Dr. Heather Benway has served as the executive officer for the Ocean Carbon and Biogeochemistry (OCB) Program at Woods Hole Oceanographic Institution (WHOI) since May 2007, with continued contributions to science through publications, leadership, and innovation. Dr. Benway’s service and ability as a scientist, a community leader, and a coordinator have been dedicated to organizing, synthesizing, and prioritizing ocean community science ideas and concepts, and parlaying them into new scientific and technological initiatives. These initiatives are in a range of interdisciplinary, dynamic, and rapidly evolving areas, including carbon cycle science, climate research, science education, biogeochemistry, storytelling, geoengineering, and safety in field programs. Dr. Benway’s actions through OCB have immeasurably influenced ocean science’s role in the major activities of the U.S. Carbon Cycle Science Program, a body that coordinates and facilitates activities relevant to carbon cycle science, climate, and global change issues across federal agencies.

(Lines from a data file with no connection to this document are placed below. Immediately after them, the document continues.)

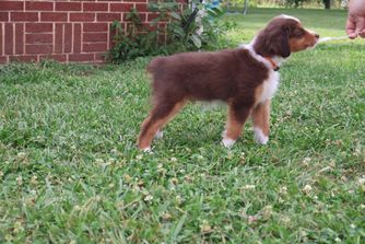 I'm Michelle C., the breeder behind Barnyard Mini Aussies located in Aurora, MO. I fell in love with the breed over 10 years ago, thus recently starting my breeding program endeavor. I plan to do agility training with my dogs while providing wonderful companions. I am always looking to better my genetics to continue to improve upon my line for generations to come.
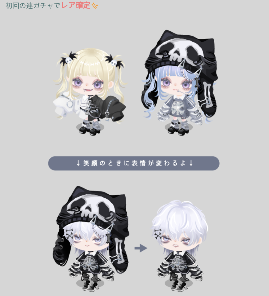 こちらでは笑顔の時に表情が変わる口パーツが目玉内容の有料ガチャより
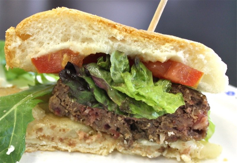 Cafe Slect wanted to keep it classic: bacon, cheese and lettuce on a house made bun. Classic it was. Raw onion was missing for my palate. The generous hit of melting cheese and crisp bacon with the moist burger brought me back home. This bite was familiar. I was all tucked into my little happy place with this one, yet there was no “ah-ha” or “whoo-hooing” going on. It was good. Tasty. Classic. The bun held up nicely and everything worked. It was just flat lining.
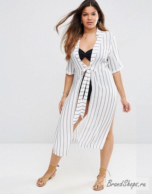 - Летящее и очень свободное платье-рубашка с использованием тканей с вертикально расположенной полоской, с длиной до колена или мини. Такая модель позволит визуально сделать фигуру стройнее.
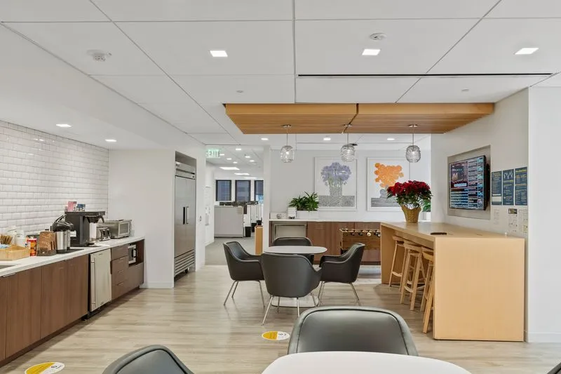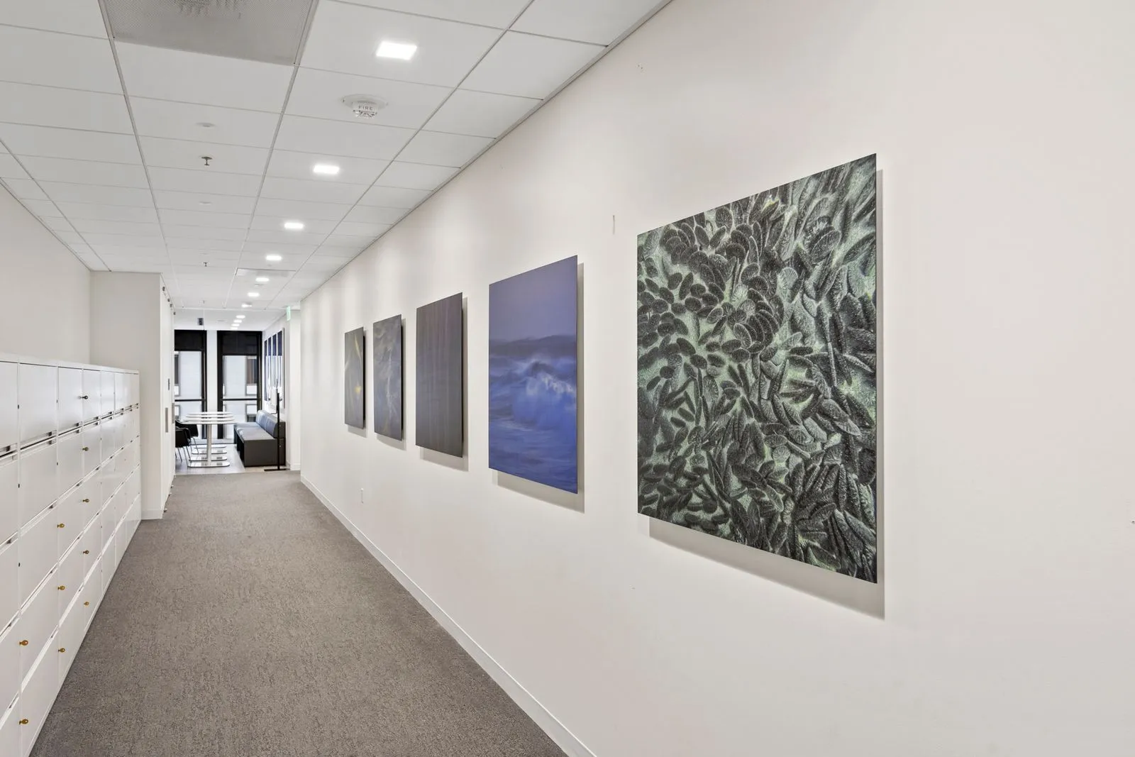 Allspring Global's San Francisco office showcases a vibrant collection from local artists, capturing the city's essence. Diane Wang's "Zephyr" blends natural and urban elements, reflecting the city's landscape. Scott Idleman's "Molecular Astronomy" illustrates the interconnectedness within city life. Joanne Fox's "Find Me in The Kitchen and Kehoe" portrays resilience, echoing the city's dynamic nature. This collection offers a striking visual story, imbuing Allspring Global's workspace with San Francisco's spirit.
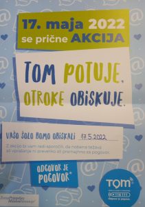 ki ga praznujemo 17. maja, začeli z vseslovensko akcijo TOM POTUJE, OTROKE OBISKUJE. Tom nahrbtnik potuje po 12-tih slovenskih regijah in obiskuje osnovne šole. Vsaka šola, ki se vključi, v razredih od 4. do 9. razreda izvede delavnico o TOM telefonu.
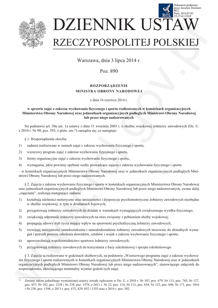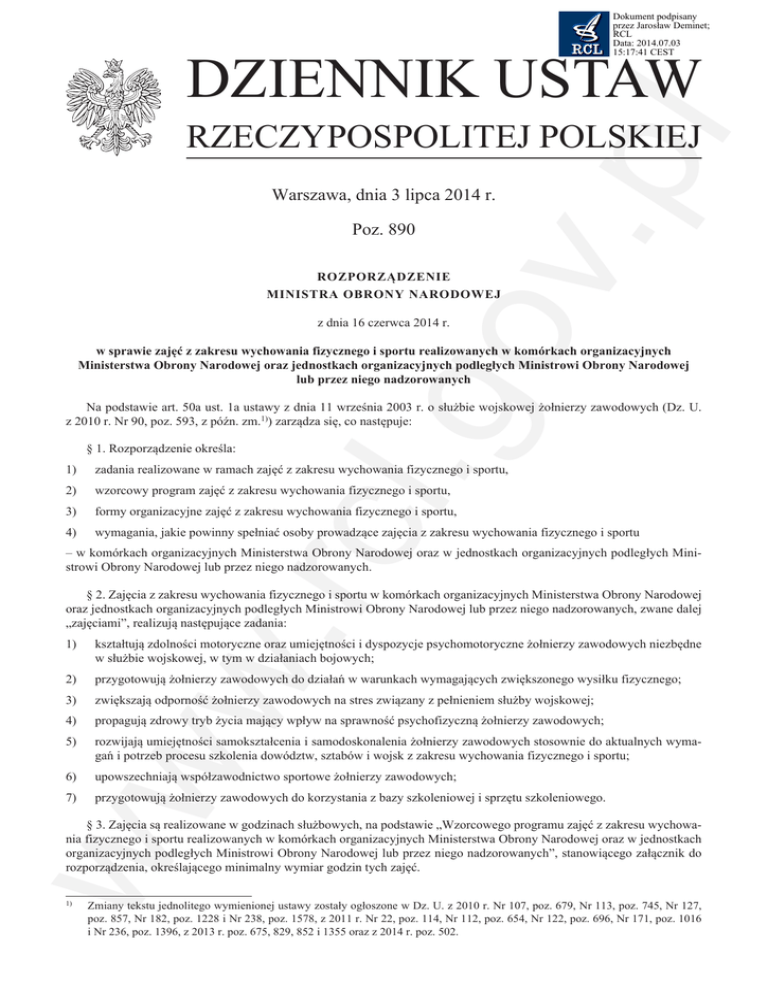 Dokument podpisany przez Jarosław Deminet; RCL Data: 2014.07.03 15:17:41 CEST DZIENNIK USTAW v.p l RZECZYPOSPOLITEJ POLSKIEJ Warszawa, dnia 3 lipca 2014 r. Poz. 890 ROZPORZĄDZENIE MINISTRA OBRONY NARODOWEJ .go z dnia 16 czerwca 2014 r. w sprawie zajęć z zakresu wychowania fizycznego i sportu realizowanych w komórkach organizacyjnych Ministerstwa Obrony Narodowej oraz jednostkach organizacyjnych podległych Ministrowi Obrony Narodowej lub przez niego nadzorowanych Na podstawie art. 50a ust. 1a ustawy z dnia 11 września 2003 r. o służbie wojskowej żołnierzy zawodowych (Dz. U. z 2010 r. Nr 90, poz. 593, z późn. zm.1)) zarządza się, co następuje: § 1. Rozporządzenie określa: zadania realizowane w ramach zajęć z zakresu wychowania fizycznego i sportu, 2) wzorcowy program zajęć z zakresu wychowania fizycznego i sportu, 3) 4) w. rcl 1) formy organizacyjne zajęć z zakresu wychowania fizycznego i sportu, wymagania, jakie powinny spełniać osoby prowadzące zajęcia z zakresu wychowania fizycznego i sportu – w komórkach organizacyjnych Ministerstwa Obrony Narodowej oraz w jednostkach organizacyjnych podległych Ministrowi Obrony Narodowej lub przez niego nadzorowanych. § 2. Zajęcia z zakresu wychowania fizycznego i sportu w komórkach organizacyjnych Ministerstwa Obrony Narodowej oraz jednostkach organizacyjnych podległych Ministrowi Obrony Narodowej lub przez niego nadzorowanych, zwane dalej „zajęciami”, realizują następujące zadania: 1) 2) 3) 4) przygotowują żołnierzy zawodowych do działań w warunkach wymagających zwiększonego wysiłku fizycznego; zwiększają odporność żołnierzy zawodowych na stres związany z pełnieniem służby wojskowej; propagują zdrowy tryb życia mający wpływ na sprawność psychofizyczną żołnierzy zawodowych; rozwijają umiejętności samokształcenia i samodoskonalenia żołnierzy zawodowych stosownie do aktualnych wymagań i potrzeb procesu szkolenia dowództw, sztabów i wojsk z zakresu wychowania fizycznego i sportu; ww 5) kształtują zdolności motoryczne oraz umiejętności i dyspozycje psychomotoryczne żołnierzy zawodowych niezbędne w służbie wojskowej, w tym w działaniach bojowych; 6) upowszechniają współzawodnictwo sportowe żołnierzy zawodowych; 7) przygotowują żołnierzy zawodowych do korzystania z bazy szkoleniowej i sprzętu szkoleniowego. § 3. Zajęcia są realizowane w godzinach służbowych, na podstawie „Wzorcowego programu zajęć z zakresu wychowania fizycznego i sportu realizowanych w komórkach organizacyjnych Ministerstwa Obrony Narodowej oraz w jednostkach organizacyjnych podległych Ministrowi Obrony Narodowej lub przez niego nadzorowanych”, stanowiącego załącznik do rozporządzenia, określającego minimalny wymiar godzin tych zajęć. 1) Zmiany tekstu jednolitego wymienionej ustawy zostały ogłoszone w Dz. U. z 2010 r. Nr 107, poz. 679, Nr 113, poz. 745, Nr 127, poz. 857, Nr 182, poz. 1228 i Nr 238, poz. 1578, z 2011 r. Nr 22, poz. 114, Nr 112, poz. 654, Nr 122, poz. 696, Nr 171, poz. 1016 i Nr 236, poz. 1396, z 2013 r. poz. 675, 829, 852 i 1355 oraz z 2014 r. poz. 502. Dziennik Ustaw –2– Poz. 890 § 5. 1. Zajęcia są prowadzone przez: 1) v.p l § 4. Zajęcia są realizowane jako zajęcia praktyczne i zajęcia teoretyczne. żołnierza zawodowego lub pracownika wojska zajmującego etatowe stanowisko służbowe związane z wykonywaniem zadań z zakresu wychowania fizycznego i sportu, który posiada przygotowanie pedagogiczne oraz: a) tytuł zawodowy magistra lub równorzędny w zakresie wychowania fizycznego lub b) ukończył studia podyplomowe z zakresu wychowania fizycznego i sportu; 2) dowódcę pododdziału lub żołnierza zawodowego wyznaczonego przez dowódcę (dyrektora, komendanta, szefa) do prowadzenia zajęć w ramach powierzonych czynności wykraczających poza jego obowiązki służbowe, który: a) posiada tytuł, o którym mowa w pkt 1 lit. a, lub ukończył studia, o których mowa w pkt 1 lit. b, lub b) ukończył szkolenie specjalistyczne w wymiarze co najmniej 126 godzin, lub .go c) posiada świadectwo dojrzałości i jest trenerem lub instruktorem sportu w rozumieniu przepisów ustawy z dnia 25 czerwca 2010 r. o sporcie (Dz. U. z 2014 r. poz. 715). 2. Żołnierze zawodowi, o których mowa w ust. 1 pkt 2, prowadzą zajęcia pod nadzorem merytorycznym osób, o których mowa w ust. 1 pkt 1. § 6. Szkolenie specjalistyczne realizują uczelnie wojskowe, ośrodki szkolenia oraz wytypowane jednostki wojskowe na podstawie programu zatwierdzonego przez szefa komórki organizacyjnej Ministerstwa Obrony Narodowej właściwej w sprawach wychowania fizycznego i sportu. § 7. Rozporządzenie wchodzi w życie po upływie 14 dni od dnia ogłoszenia. ww w. rcl Minister Obrony Narodowej: T. Siemoniak Dziennik Ustaw –3– Poz. 890 v.p l Załącznik do rozporządzenia Ministra Obrony Narodowej z dnia 16 czerwca 2014 r. (poz. 890) WZORCOWY PROGRAM zajęć z zakresu wychowania fizycznego i sportu realizowanych w komórkach organizacyjnych Ministerstwa Obrony Narodowej oraz jednostkach organizacyjnych podległych Ministrowi Obrony Narodowej lub przez niego nadzorowanych 1. Zajęcia teoretyczne obejmują podstawy wiedzy z zakresu wychowania fizycznego i sportu, w tym: obowiązujące normy sprawności fizycznej; 2) zasady zapobiegania urazom i wypadkom podczas zajęć; 3) metody oceny sprawności fizycznej; 4) zasady promocji zdrowia i zdrowego trybu życia; 5) testy sprawnościowe i ćwiczenia fizyczne. 2. Zajęcia praktyczne obejmują: .go 1) technikę pokonywania naturalnych i sztucznych przeszkód terenowych oraz skuteczne wykorzystywanie terenu w kształtowaniu podstawowych zdolności motorycznych; 2) elementy walki wręcz, łączenie ich z taktyką działania i strzelaniem oraz wykorzystywanie ich w walce; 3) technikę i taktykę sportowych gier zespołowych; 4) posługiwanie się sprzętem stosowanym w trakcie zajęć. w. rcl 1) 3. Zajęcia obejmują następujące
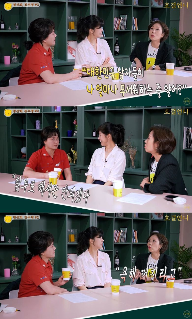 정선희는 5일 이경실의 유튜브 채널 '호걸언니 이경실'을 통해 공개된 영상에서 "대한민국 남자들이 나 얼마나 무서워하는 줄 아니"라고 해 웃음을 자아냈다.

OCB’s overarching goal is to explore the ocean’s role in the global carbon cycle and the response of marine ecosystems to environmental changes of the past (paleo), present, and future (prediction). Dr. Benway keeps a disparate group of scientists and a number of different efforts integrated, synthesized, and moving forward to a common goal. She facilitated numerous initiatives to promote early-career scientists and maintains a focus on justice, equity, inclusion, and diversity. She is instrumental in synthesizing direction from three distinct federal agencies (National Science Foundation, NASA, and NOAA) with different missions who supported the OCB office and its development, while bringing uniquely innovative approaches and novel scientific ideas on how to engage and reach the public. Her efforts have resulted in a number of new, federal research initiatives that are inclusive and equitable, and created opportunities for fieldwork and research for not only midcareer and senior scientists, but also for student and early-career researchers.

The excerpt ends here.